→ **REQUIRED WORK**
Nothing but the text belongs in the answer: the listing below, copied exactly, without pictures.

☆ ☆ ☆ ☆ ☆ ☆ ☆

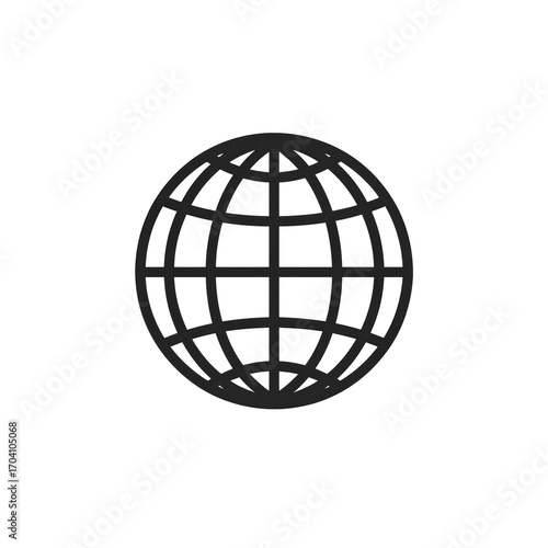 Minimal Globe in Thin Line Art Style on Transparent Background
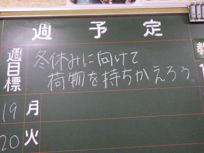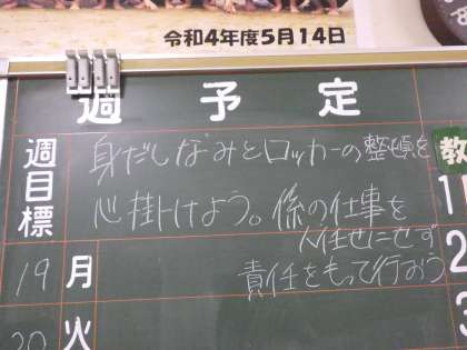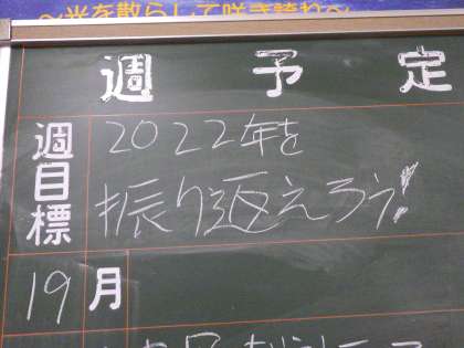 各学年の週目標には、2022年の最終週にふさわしい目標が掲げられていました。どの学年も仲間と考えた目標を意識して生活してほしいと思います。
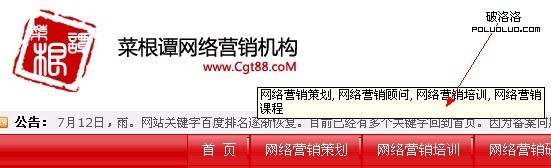 記住,一定要為圖片加ALT屬性文字,大部分網站應該會把LOGO做成鏈接,但是沒有加錨文本,那效果大不一樣。
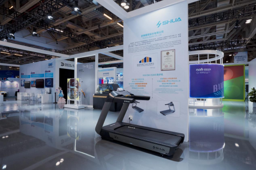 在本次博览会中,舒华体育携经典V10商用跑步机亮相,呈现创新科技加载下的舒适畅跑体验。在智能方面,舒华?V10跑步机配有蓝牙心率手表,可智能采集心率,搭配舒华运动APP使用,还能同步获取运动数据。在北京2022年冬奥会中,V10跑步机也曾入驻冬奥村健身中心,为运动员们提供训练支持。
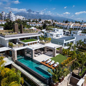 This architectural masterpiece, nestled in the prestigious area of Nueva Andalucía, is a true epitome of modern luxury. Located just minutes away from the vibrant Puerto Banús and within walking distance of numerous local amenities, this extraordinary property seamlessly blends stunning design with an unbeatable location. The villa's striking exterior is highlighted by a magnificent infinity pool that seems to stretch effortlessly from the garden to the interior, accentuated by elegant LED lighting for an enchanting night-time ambiance. A spacious terrace offers multiple lounge areas and alfresco dining spaces, perfect for entertaining guests or enjoying peaceful relaxation in style.
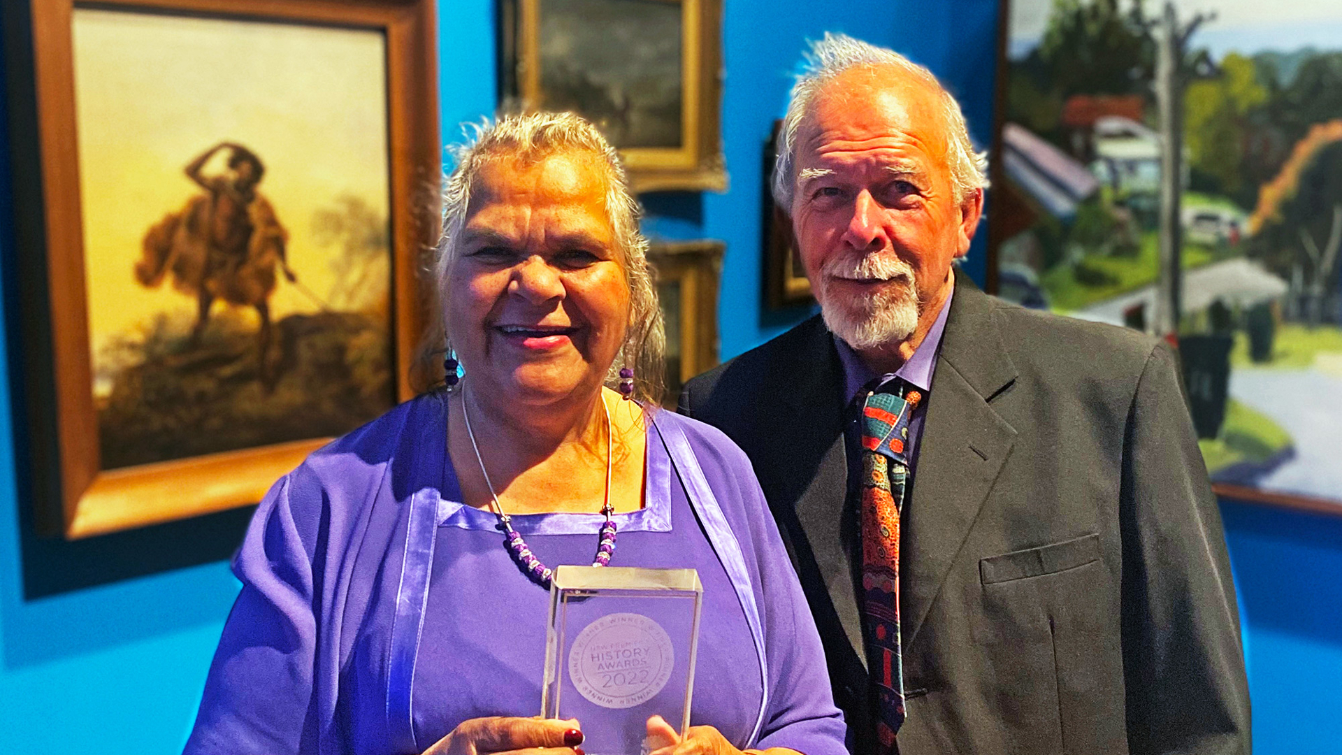 Governor family historian Aunty Loretta Parsley and Trevor Parsley at the NSW Premier's History Awards.
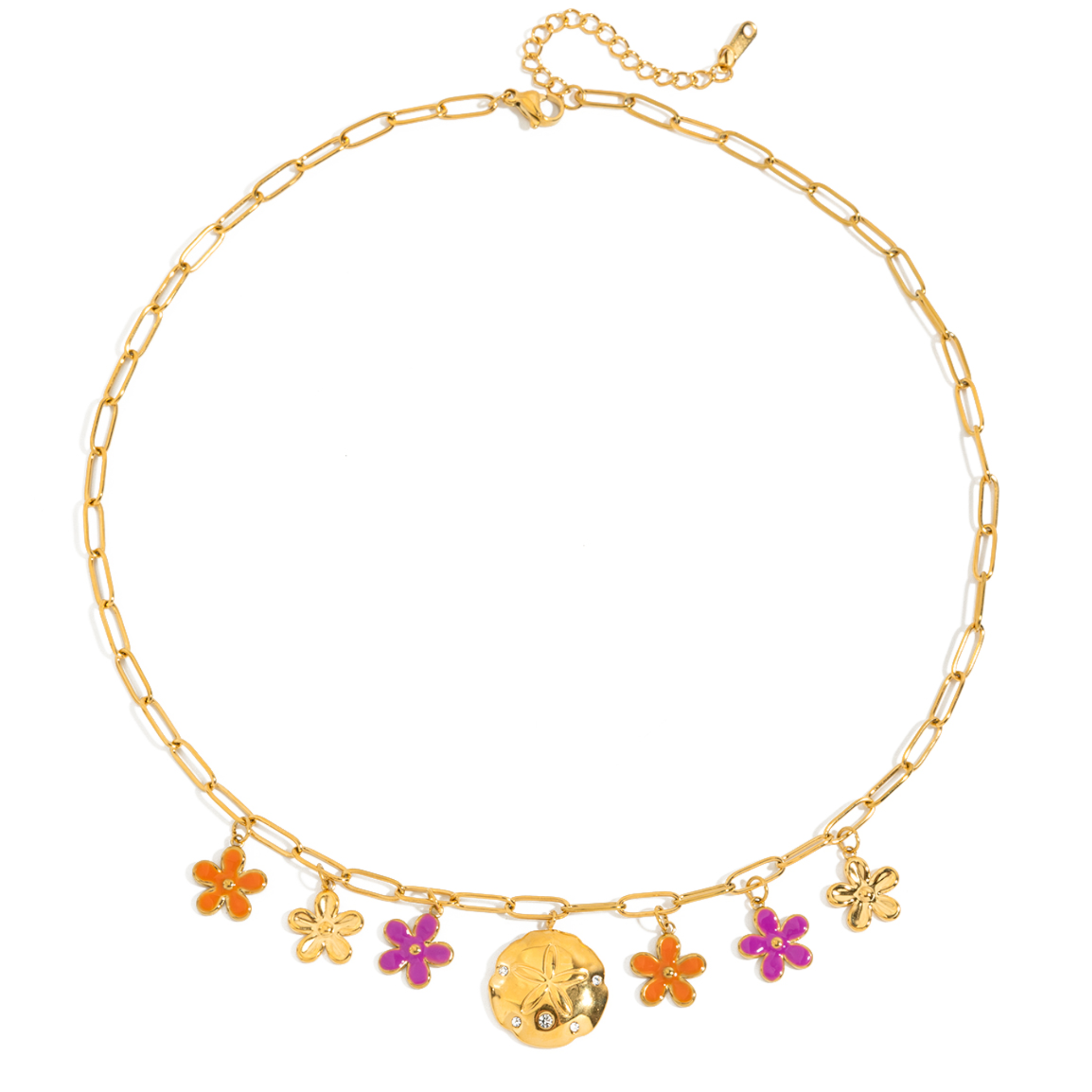 Ten naszyjnik to jak cichy spacer po ukwieconym ogrodzie o poranku. Delikatny łańcuszek ze stali szlachetnej pokrytej 18-karatowym złotem zdobi sześć uroczych kwiatuszków. Razem tworzą subtelną kompozycję, która zachwyca swoją lekkością i finezją.
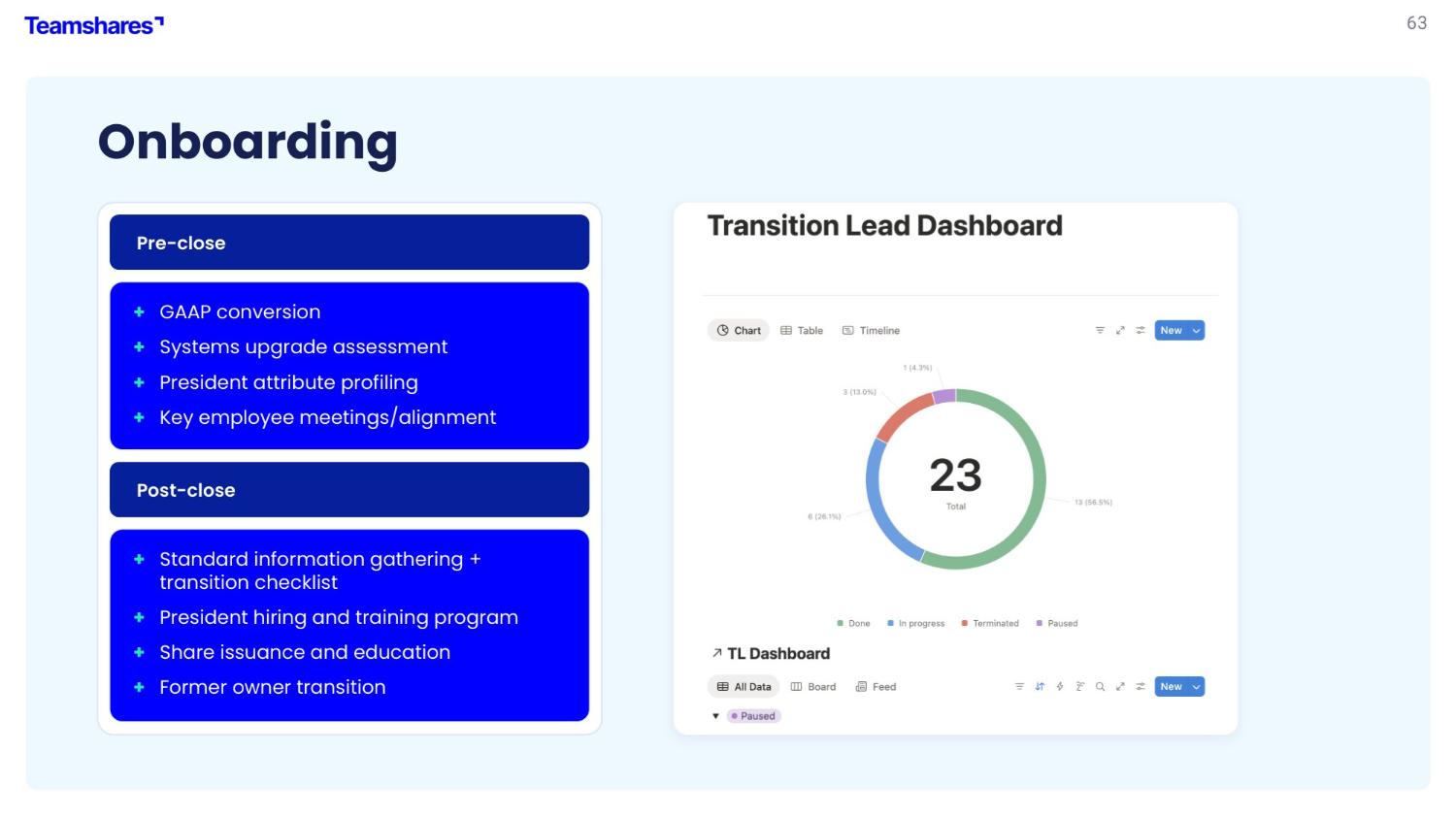 63 Onboarding Pre - close + GAAP conversion + Systems upgrade assessment + President attribute profiling + Key employee meetings/alignment Post - close + Standard information gathering + transition checklist + President hiring and training program + Share issuance and education + Former owner transition
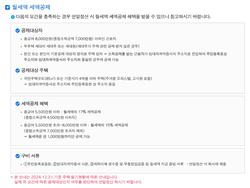| 월세 공제 조건 | 무주택 세대주 + 총급여 8,000만원 이하 + 국민주택규모 |
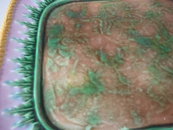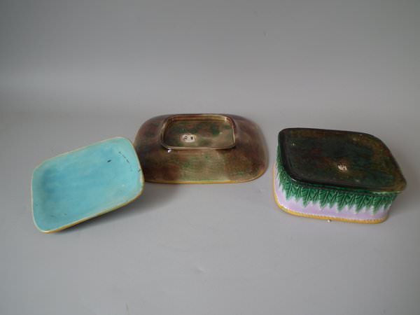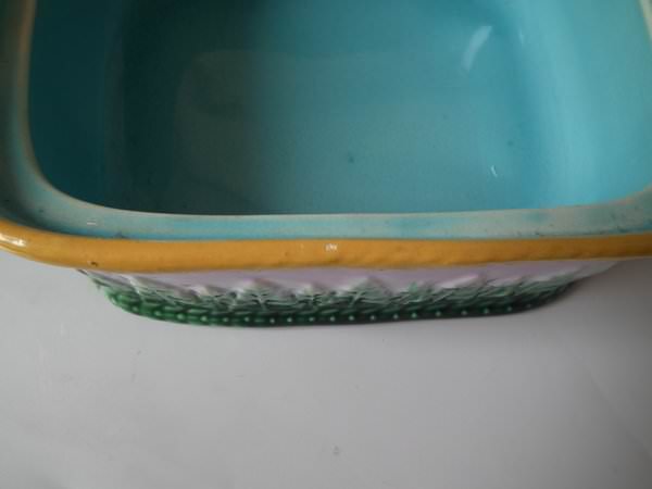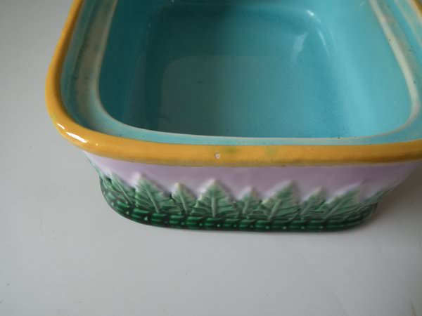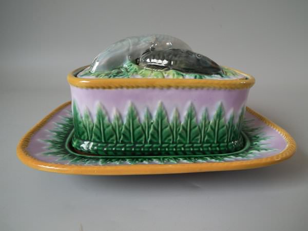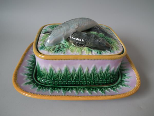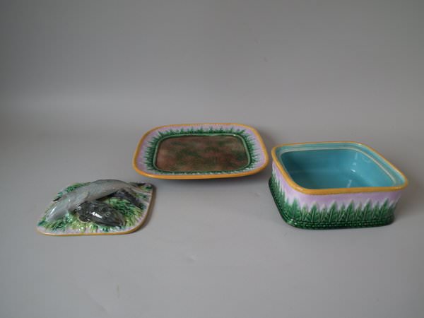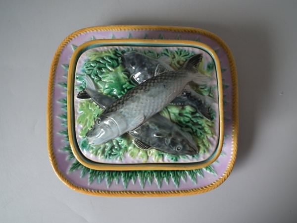 Victorian, circa 1870. 4.3ins high, 8.5ins wide, 7.7ins depth. George Jones Majolica sardine box which features fish and seaweed.
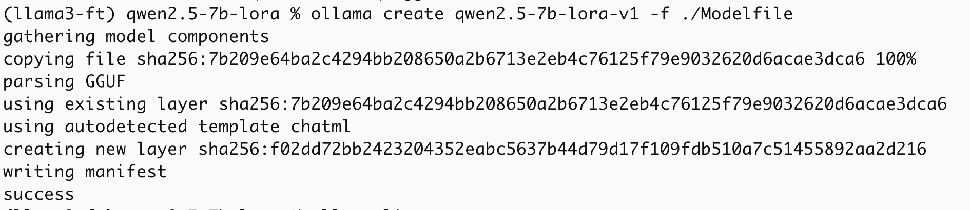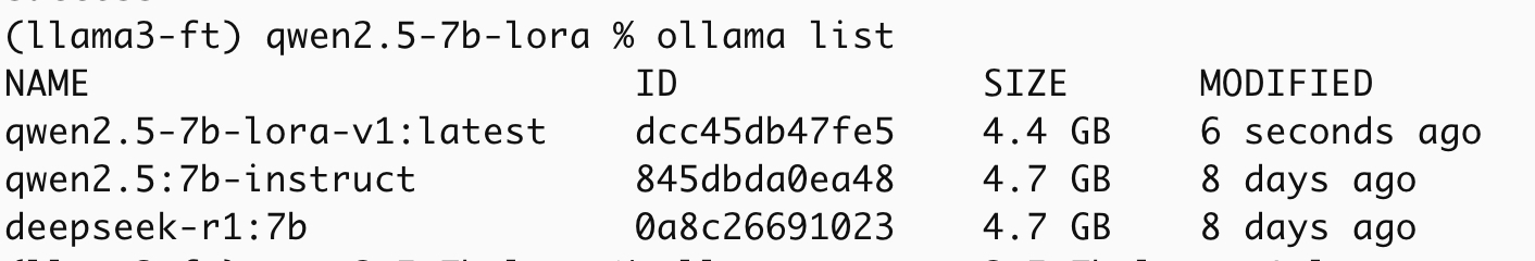 ollama create qwen2.5-7b-lora-v1 -f ./Modelfile
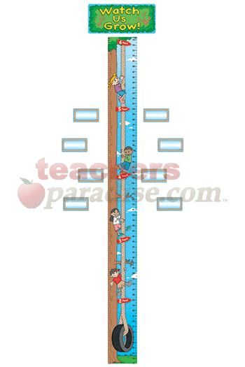 Use this display to help students record growth and learn about measurements. The 4-page teacher’s guide suggests a wide variety of related activities. 39 pieces, including 35 name tags. Growth Chart measures 6″ x 63″. Shiny, protective coating adds durability.
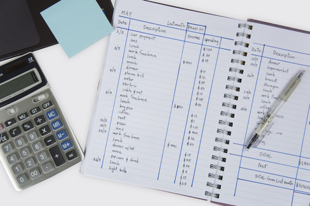A calculator and an open, two column cash book with pen on a wooden desk. Copy space is provided via empty leger (ledger) lines. Horizontal (landscape) orientation.
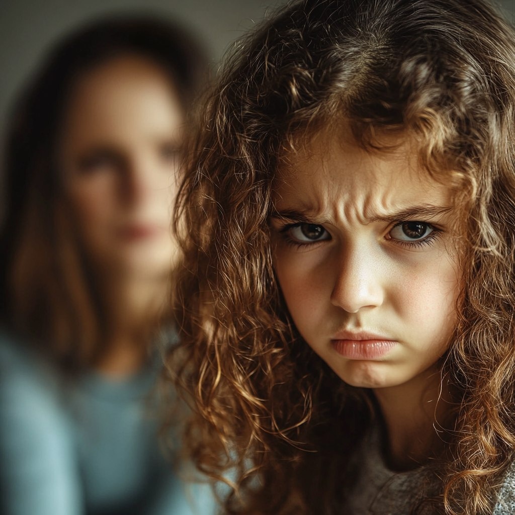 Создано на основе запроса: a girl with curly brown hair criyng with her mom in the background triyn to calm her
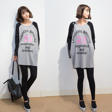 孕妇T恤 韩国代购春装新款长袖字母数字中长宽松拼撞色时尚上衣潮
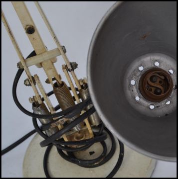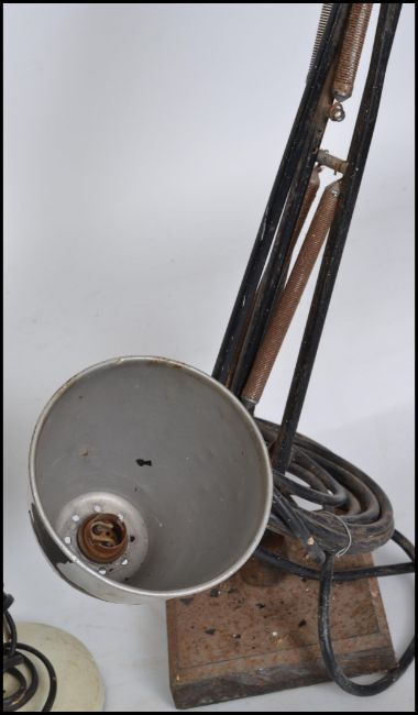 A retro mid century Herbert Terry anglepoise lamp on a circular base with conical shade together with another vintage anglepoise lamp on a square cast metal base.

☆ ☆ ☆ ☆ ☆ ☆ ☆

→ **PROBLEM SOLUTION**
 Minimal Globe in Thin Line Art Style on Transparent Background
 各学年の週目標には、2022年の最終週にふさわしい目標が掲げられていました。どの学年も仲間と考えた目標を意識して生活してほしいと思います。
 記住,一定要為圖片加ALT屬性文字,大部分網站應該會把LOGO做成鏈接,但是沒有加錨文本,那效果大不一樣。
 在本次博览会中,舒华体育携经典V10商用跑步机亮相,呈现创新科技加载下的舒适畅跑体验。在智能方面,舒华?V10跑步机配有蓝牙心率手表,可智能采集心率,搭配舒华运动APP使用,还能同步获取运动数据。在北京2022年冬奥会中,V10跑步机也曾入驻冬奥村健身中心,为运动员们提供训练支持。
 This architectural masterpiece, nestled in the prestigious area of Nueva Andalucía, is a true epitome of modern luxury. Located just minutes away from the vibrant Puerto Banús and within walking distance of numerous local amenities, this extraordinary property seamlessly blends stunning design with an unbeatable location. The villa's striking exterior is highlighted by a magnificent infinity pool that seems to stretch effortlessly from the garden to the interior, accentuated by elegant LED lighting for an enchanting night-time ambiance. A spacious terrace offers multiple lounge areas and alfresco dining spaces, perfect for entertaining guests or enjoying peaceful relaxation in style.
 Governor family historian Aunty Loretta Parsley and Trevor Parsley at the NSW Premier's History Awards.
 Ten naszyjnik to jak cichy spacer po ukwieconym ogrodzie o poranku. Delikatny łańcuszek ze stali szlachetnej pokrytej 18-karatowym złotem zdobi sześć uroczych kwiatuszków. Razem tworzą subtelną kompozycję, która zachwyca swoją lekkością i finezją.
 63 Onboarding Pre - close + GAAP conversion + Systems upgrade assessment + President attribute profiling + Key employee meetings/alignment Post - close + Standard information gathering + transition checklist + President hiring and training program + Share issuance and education + Former owner transition
| 월세 공제 조건 | 무주택 세대주 + 총급여 8,000만원 이하 + 국민주택규모 |
 Victorian, circa 1870. 4.3ins high, 8.5ins wide, 7.7ins depth. George Jones Majolica sardine box which features fish and seaweed.
 ollama create qwen2.5-7b-lora-v1 -f ./Modelfile
 Use this display to help students record growth and learn about measurements. The 4-page teacher’s guide suggests a wide variety of related activities. 39 pieces, including 35 name tags. Growth Chart measures 6″ x 63″. Shiny, protective coating adds durability.
A calculator and an open, two column cash book with pen on a wooden desk. Copy space is provided via empty leger (ledger) lines. Horizontal (landscape) orientation.
 Создано на основе запроса: a girl with curly brown hair criyng with her mom in the background triyn to calm her
 孕妇T恤 韩国代购春装新款长袖字母数字中长宽松拼撞色时尚上衣潮
 A retro mid century Herbert Terry anglepoise lamp on a circular base with conical shade together with another vintage anglepoise lamp on a square cast metal base.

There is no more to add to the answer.